Tuesday, October 28, 2008

This Town is a Mecca for Spiders

One thing that I won't miss when I finally sell this house is the spiders. I have never seen so many spiders before in my life. They're in my house. They're in my yard. They were in the building where I used to work. I wouldn't be surprised if they're even in my car. Seriously, I think this town is a mecca for all spiders in the Northern Hemisphere. They should change the town's nickname from "The City of Geraniums" to "The City of Eight-Legged Mini-Monsters."

I'm innately paranoid about brown spiders. Ever since I saw some talk show a few years ago that showed what a brown recluse spider bite looks like--basically, it looks like a giant, epidermal crater--I'm convinced that every brown spider that I see is a brown recluse. I don't even try to look for the violin shape on the spiders' backs anymore. I just grab the nearest object and squash the brown spiders into oblivion.

I wish someone had told me when I first moved here that I could have bought brown recluse spider traps instead of rolling up old magazines. For instance, a company called Catchmaster makes nontoxic, spider glue traps that catch a variety of spiders, from brown recluse and hobo spiders to parson and sac spiders. The traps work by placing food-grade bait on the glue-lined interior. The spiders, attracted to the food, enter the trap and get stuck to the glue. Because the baits use glue instead of pesticides, they're safe to use around both pets and children. Due to their small size, they can also be used in a variety of places, including next to baseboards and in cabinets, and adapted from a square-shaped trap to a triangle-shaped trap if needed. Catchmaster's spider glue traps are affordable as well. You can get a 60-count pack of traps for $29.97, which includes priority shipping, from CleanerToday.com.

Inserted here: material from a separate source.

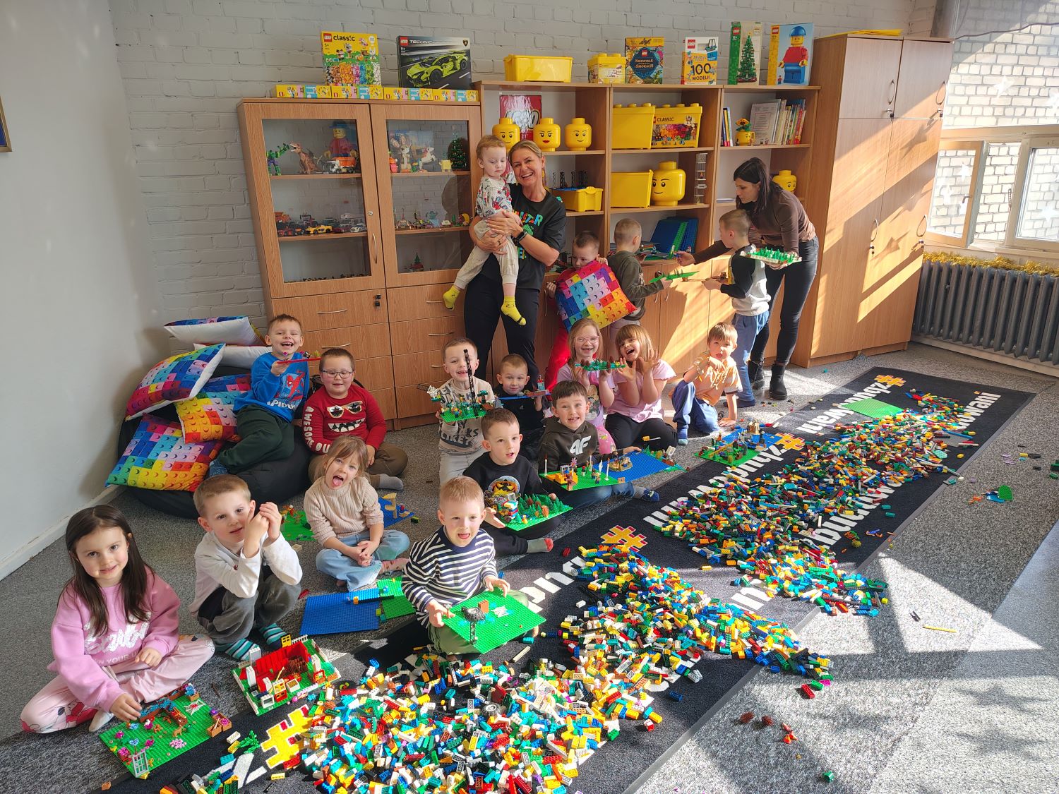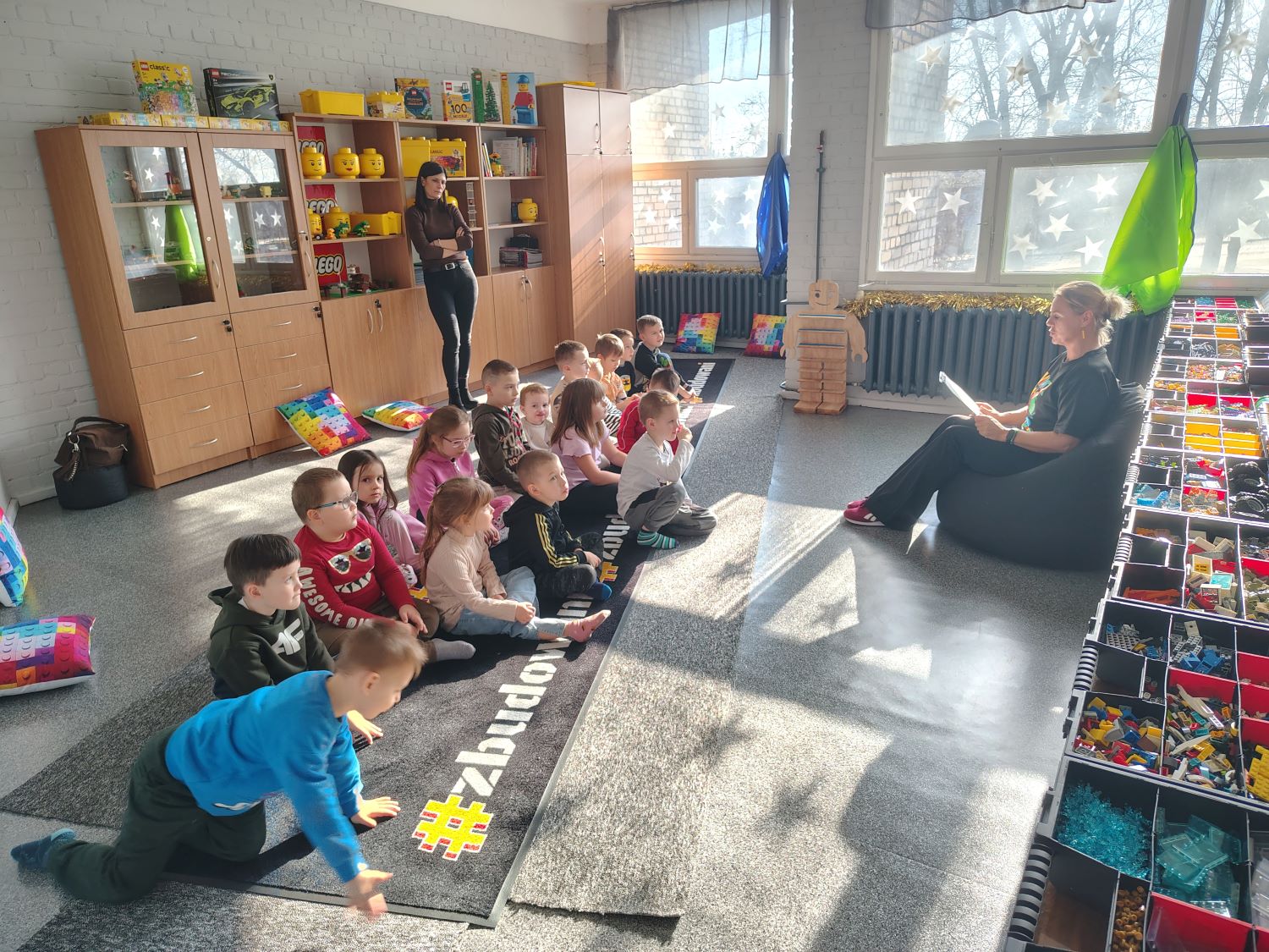 03.03.2026 przedszkolaki z grupy „Żabki” wybrały się na wyjątkowe zajęcia z klockami LEGO, które odbyły się w bibliotece 32. Bazy Lotnictwa Taktycznego mieszczącej się w Klubie Garnizonowym. Spotkanie rozpoczęło się od powitania przez Panią Magdę przedszkolaków, oraz ustalenia zasad obowiązujących podczas spotkania :„Tysiące klocków. Jedna zasada: robimy po swojemu”, „Każdy pomysł jest dobry”. Z okazji Światowego Dnia Dzikiej Przyrody dzieci wysłuchały bajki „ Jak Żółw uratował Dzień Dzikiej Przyrody”. Opowieść dotyczyła dzikich zwierząt, ich naturalnych środowisk. Dzieci z dużym zainteresowaniem słuchały historii o mieszkańcach lasu. Po wysłuchaniu bajki przedszkolaki przystąpiły do części twórczej. Ich zadaniem było zbudowanie z klocków LEGO tego, co najbardziej zapamiętały z opowieści. Powstały wspaniałe konstrukcje. Podczas zajęć dzieci rozwijały swoją wyobraźnię, kreatywność oraz umiejętność współpracy w grupie. Zajęcia sprawiły wszystkim wiele radości i były doskonałą okazją do połączenia zabawy z nauką.

Seeing as my dogs like to chew on anything that's made from paper--paper towels, toilet paper, cardboard soap boxes, probably even paper-lined sheetrock if they could figure out how to get it off the wall--I may have to pass on the spider traps for the time being. I could just see them trying to eat one, the trap getting stuck to the roof of their mouth, and the three of us spending all day at the vet's office while some vet technician tries to remove the trap without removing all the tissue in their mouth. If I'm unable to sell this house by the time my Glamour subscription, and hence my current spider killer, runs out, I may have no choice but to buy some.